## Exercise goal
Go through the listing below and write out exactly the lines from the one that mentions "The Sun on 27th" through the one that mentions "प्रवक्ता भट्टराईले भनेजस्तै", minus the pictures.

## Entries provided

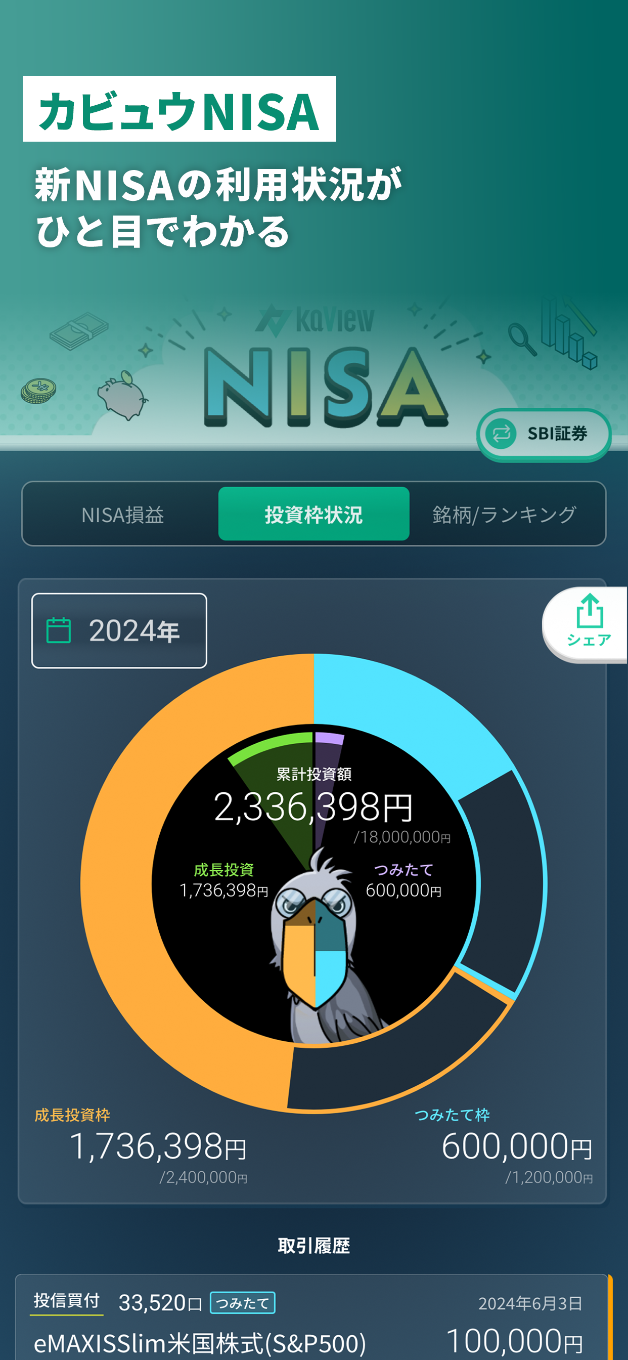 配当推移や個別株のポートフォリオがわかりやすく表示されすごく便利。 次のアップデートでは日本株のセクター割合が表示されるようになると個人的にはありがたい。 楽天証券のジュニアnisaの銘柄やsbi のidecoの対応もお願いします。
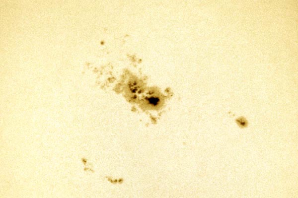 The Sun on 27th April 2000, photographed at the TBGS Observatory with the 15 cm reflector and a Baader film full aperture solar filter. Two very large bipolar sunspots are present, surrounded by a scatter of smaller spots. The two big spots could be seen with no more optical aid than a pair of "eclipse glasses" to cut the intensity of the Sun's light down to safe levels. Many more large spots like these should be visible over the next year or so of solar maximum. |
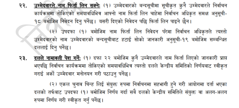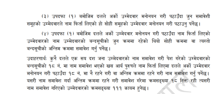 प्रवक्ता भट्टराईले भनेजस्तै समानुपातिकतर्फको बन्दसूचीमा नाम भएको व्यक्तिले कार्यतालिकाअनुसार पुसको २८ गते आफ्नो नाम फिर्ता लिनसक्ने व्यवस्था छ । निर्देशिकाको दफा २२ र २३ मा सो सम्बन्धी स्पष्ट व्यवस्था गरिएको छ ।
...
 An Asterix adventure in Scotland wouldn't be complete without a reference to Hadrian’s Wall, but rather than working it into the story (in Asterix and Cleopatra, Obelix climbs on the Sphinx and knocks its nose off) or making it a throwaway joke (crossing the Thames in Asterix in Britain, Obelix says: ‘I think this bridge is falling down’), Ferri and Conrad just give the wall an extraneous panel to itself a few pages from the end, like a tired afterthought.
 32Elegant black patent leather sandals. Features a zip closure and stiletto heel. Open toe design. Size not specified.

## Response to this task
 The Sun on 27th April 2000, photographed at the TBGS Observatory with the 15 cm reflector and a Baader film full aperture solar filter. Two very large bipolar sunspots are present, surrounded by a scatter of smaller spots. The two big spots could be seen with no more optical aid than a pair of "eclipse glasses" to cut the intensity of the Sun's light down to safe levels. Many more large spots like these should be visible over the next year or so of solar maximum. |
 प्रवक्ता भट्टराईले भनेजस्तै समानुपातिकतर्फको बन्दसूचीमा नाम भएको व्यक्तिले कार्यतालिकाअनुसार पुसको २८ गते आफ्नो नाम फिर्ता लिनसक्ने व्यवस्था छ । निर्देशिकाको दफा २२ र २३ मा सो सम्बन्धी स्पष्ट व्यवस्था गरिएको छ ।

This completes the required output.